Jack Tynan

Personal information
- Full name: John Christopher Tynan
- Born: 5 December 1925 Wellington, New Zealand
- Died: 23 August 2020 (aged 94)
- Relative: Rose Tynan (granddaughter)

Sport
- Country: New Zealand
- Sport: Field hockey; Cricket;

Cricket information
- Batting: Right-handed
- Bowling: Right-arm off-break
- Role: All-rounder

Domestic team information
- 1951/52–1953/54: Wellington
- FC debut: 23 February 1952 v West Indians
- Last FC: 1 January 1954 v Canterbury

Career statistics
| Competition | First-class |
| Matches | 4 |
| Runs scored | 80 |
| Batting average | 11.42 |
| 100s/50s | 0/0 |
| Top score | 29 |
| Balls bowled | 66 |
| Wickets | 2 |
| Bowling average | 24.00 |
| 5 wickets in innings | 0 |
| 10 wickets in match | 0 |
| Best bowling | 1/11 |
| Catches/stumpings | 2/– |
- Source: CricketArchive, 21 April 2023

= Jack Tynan =

New Zealander cricketer and hockey player (1925–2020)
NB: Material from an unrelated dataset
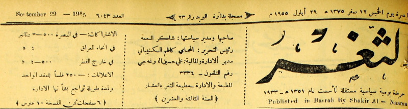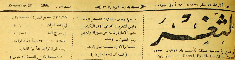 جريدة يومية سياسية عامة = AL-Thaghr : A Daily Newspaper
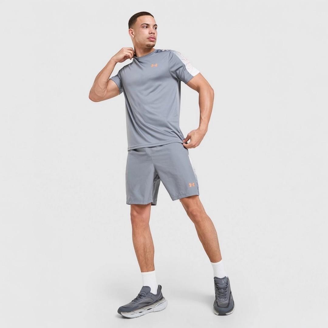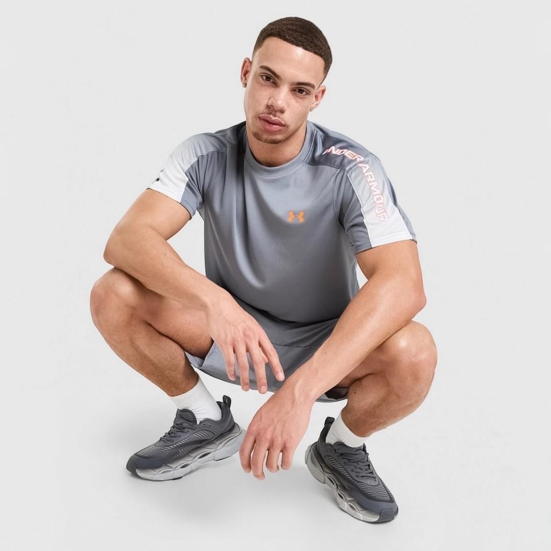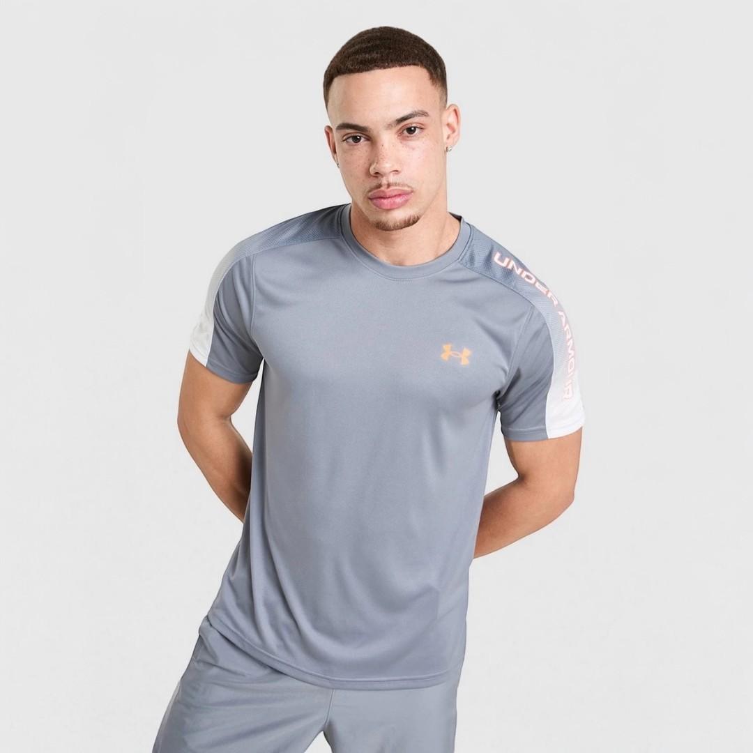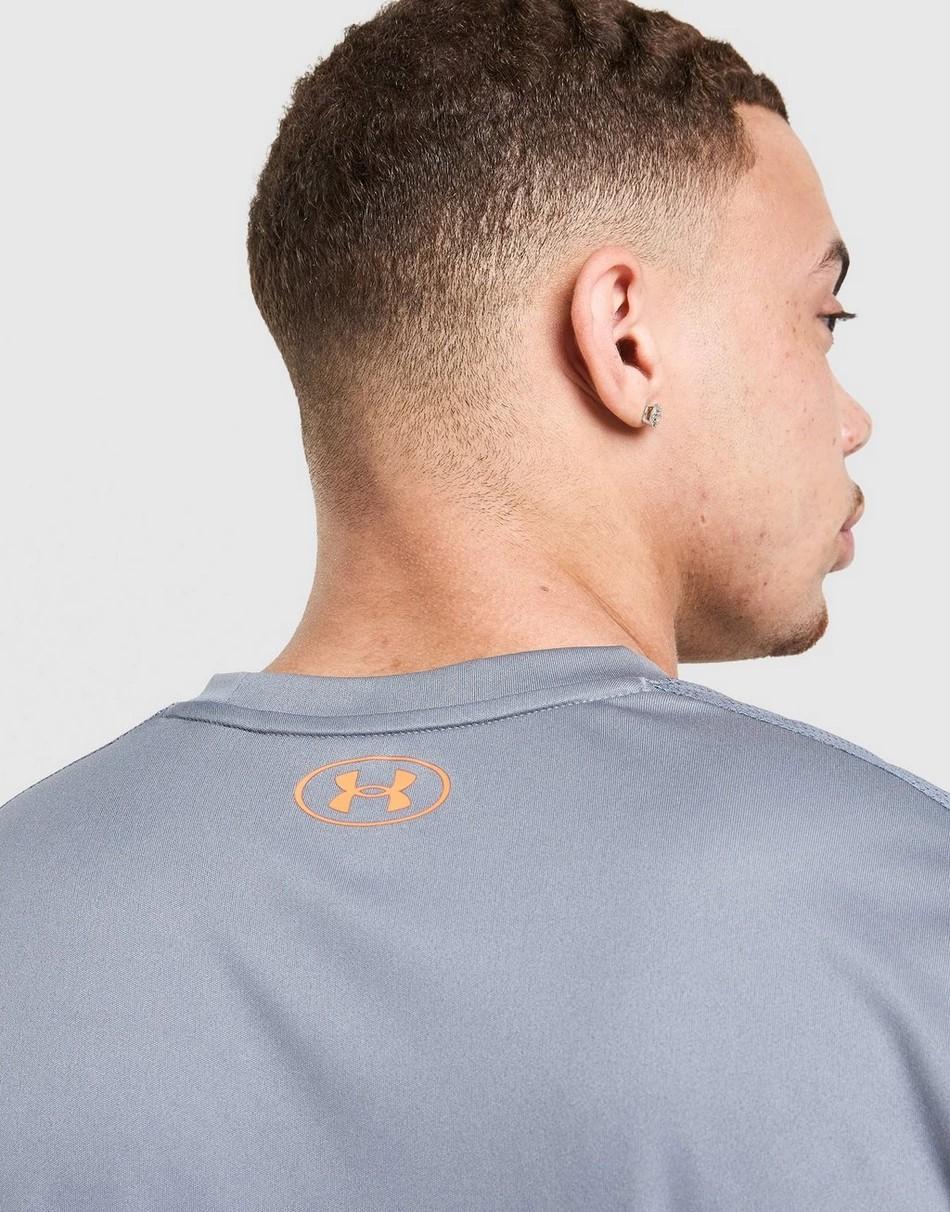 Presenta cuello redondo clásico y mangas cortas, con un corte cómodo que permite libertad de movimiento. El diseño se completa con el logotipo de Under Armour en color naranja en el pecho y la parte trasera del cuello, aportando contraste y un toque distintivo.

John Christopher Tynan (5 December 1925 - 23 August 2020) was a New Zealand field hockey player and cricketer. He represented New Zealand in field hockey between 1948 and 1956, including at the 1956 Olympic Games in Melbourne. He played four first-class cricket matches for Wellington between 1952 and 1954.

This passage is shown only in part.